Our finding that donations appear to be motivated by perceptions of the stakes in the election outcome also has implications for the way in which candidates and campaigns seek to raise money. Centrists, for example, are not useful targets unless they perceive one party as substantially more extreme. In fact, across all levels of voter ideology, our findings imply that those seeking donations have an incentive to exaggerate the perceived extremity of the other party. It is this incentive that may motivate the statements made by candidates in closed-door fundraisers that are occasionally leaked to the public, e.g. Mitt Romney’s discussion of the “47 percent” or Barack Obama’s denigration of rural voters who “cling to guns or religion or antipathy toward people who aren’t like them.” These statements may be conscious attempts to make contributors feel that the threat of the other party winning office is too large to simply sit on the sidelines.

Finally, this work also implies some caution about using measures of individual-level ideology derived from which candidates a citizen supports with her campaign donations. While patterns of donations across the parties seem to accurately capture partisan divides, within parties these patterns are weak. In other words, factors apart from policy ideology appear to explain variation in which candidates a citizen supports, suggesting that donation data may not be particularly valuable to impute individual-level policy ideology.
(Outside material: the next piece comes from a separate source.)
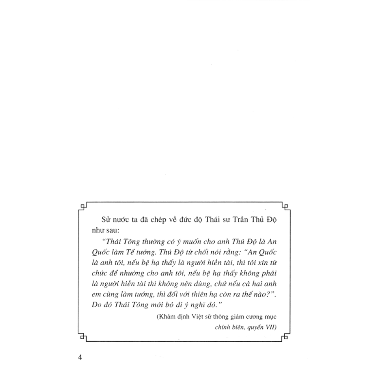 - "Dù là vua đầu tiên của một triều đại, nhưng Trần Cảnh không có miếu hiệu là Thái Tổ mà là Thái Tông. Lý do vì cha ruột của vua là Trần Thừa vẫn còn sống và làm quan trong triều với chức Phụ quốc Thái úy. Sau khi Trần Cảnh lên làm vua, Trần Thừa được tôn làm Thượng hoàng. Vì vua Trần chỉ mới tám tuổi nên không thể định đoạt được chính sự. Bởi vậy, mọi quyền hành đều nằm trong tay Trần Thừa và nhất là Thái sư Trần Thủ Độ. ..."
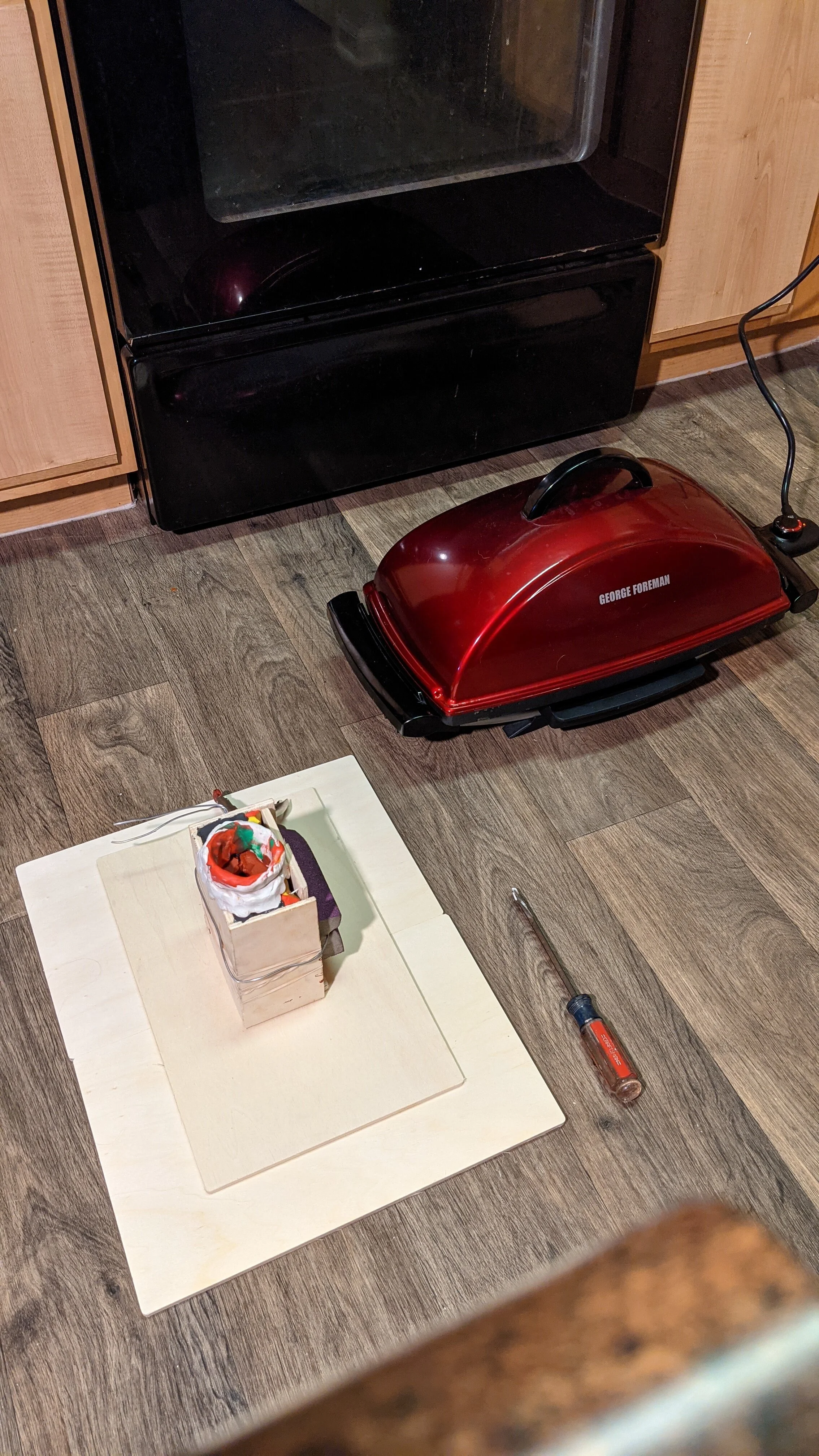 I went between my stove and mini grill to try and reach the temperature needed for the pewter to melt and it took a while. Eventually I just let it rest on the stove and mixed it up with a screwdriver until it was fully liquid.

For those concerned with understanding the dynamics of contemporary American party politics, our results offer mixed evidence. On the one hand, that centrists are underrepresented among donors is one potential explanation for the ideological pull of the parties toward the extremes. On the other hand, if one is concerned that those with money are inherently more conservative than those with less resources, finding that Democratic contributors are more liberal than other Democrats should reduce fears that the party of the left is constrained in its policy positions by the views of its donors.